Sevginin yıkamayacağı hiçbir engel yoktur... Trafik kazasında felç olan eşine gözü gibi bakan Kader Bulu “Onun tutmayan bir kolu, bir bacağı olmaya çalışıyorum”
Aşk ve sevgiyle birbirlerine sıkı sıkıya bağlanan çiftler, “Sevgimiz ve saygımız engellerin üstündedir”Birbirlerine delilercesine seven iki gencin bitmek, tükenmek bitmeyen ve ömür boyu sürecek aşk hikayesi 2012 yılında başladı.
Birbirlerini ilk gördüklerinde sırıl sıklam aşık olan gençlerin ölümsüz aşkları her geçen günde sevgi ve saygıyla da artarak büyüyor..
Fatsa Devlet Hastanesinde eşi Murat Bulu’nun tedavisi bulunduğu sırada karşılaştığımız Kader Bulu, eşine ender rastlanan ölümsüz hayat hikayesini gazetemize anlattı.
Murat ile tanışmamız 2012 yılının Kasım ayında oldu. Sonrasında Aralık ayında nişanlandık. 2013 yılının Eylül ayında kaçarak evlendik. Ardından iki yıl sonra eşimi askere gönderdim. On beş ay askerlik yaptıktan sonra terhis olup eve geri döndü.
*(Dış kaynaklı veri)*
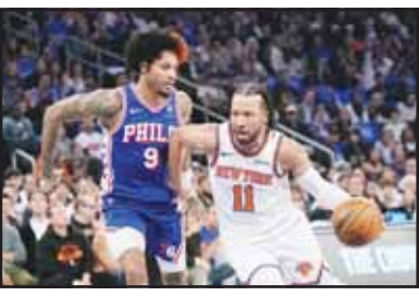
New York Knicks' Jalen Brunson, right, drives past Philadelphia 76ers' Kelly Oubre Jr. during the first half of Game 1 in a second-round NBA basketball playoffs series in New York. - See Page 15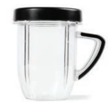
short cup with lip ring

Bir ay sonra trafik kazası geçirdi ve hayat bizim için yeniden başladı. Çok zor bir süreçti. Eşimi hastaneye kaldırdığımızda omurilik felci olduğunu, bir daha asla yürümeyeceğini doktorlardan öğrendik. İkimizde 21 yaşında ve tecrübesizdik. Ordu Devlet hastanesinde 28 gün yattık. Çeşitli ameliyatlar sonrasında taburcu olduk. Eve geldikten sonra çevre baskısı ile karşı karşıya kaldım. Eşimi bırakmamla alakalı sözler çok oldu. Ben bu konuşmalara ve bu baskılara aldırış etmeden eşime sevgiyle, saygıyla daha çok bağlandım. Yedi yıldan beri omurilik felci olarak hayatımıza devam ediyoruz. Çocuğumuz olmadığı için eşim felçli iken tüp bebek denemeye karar verdik.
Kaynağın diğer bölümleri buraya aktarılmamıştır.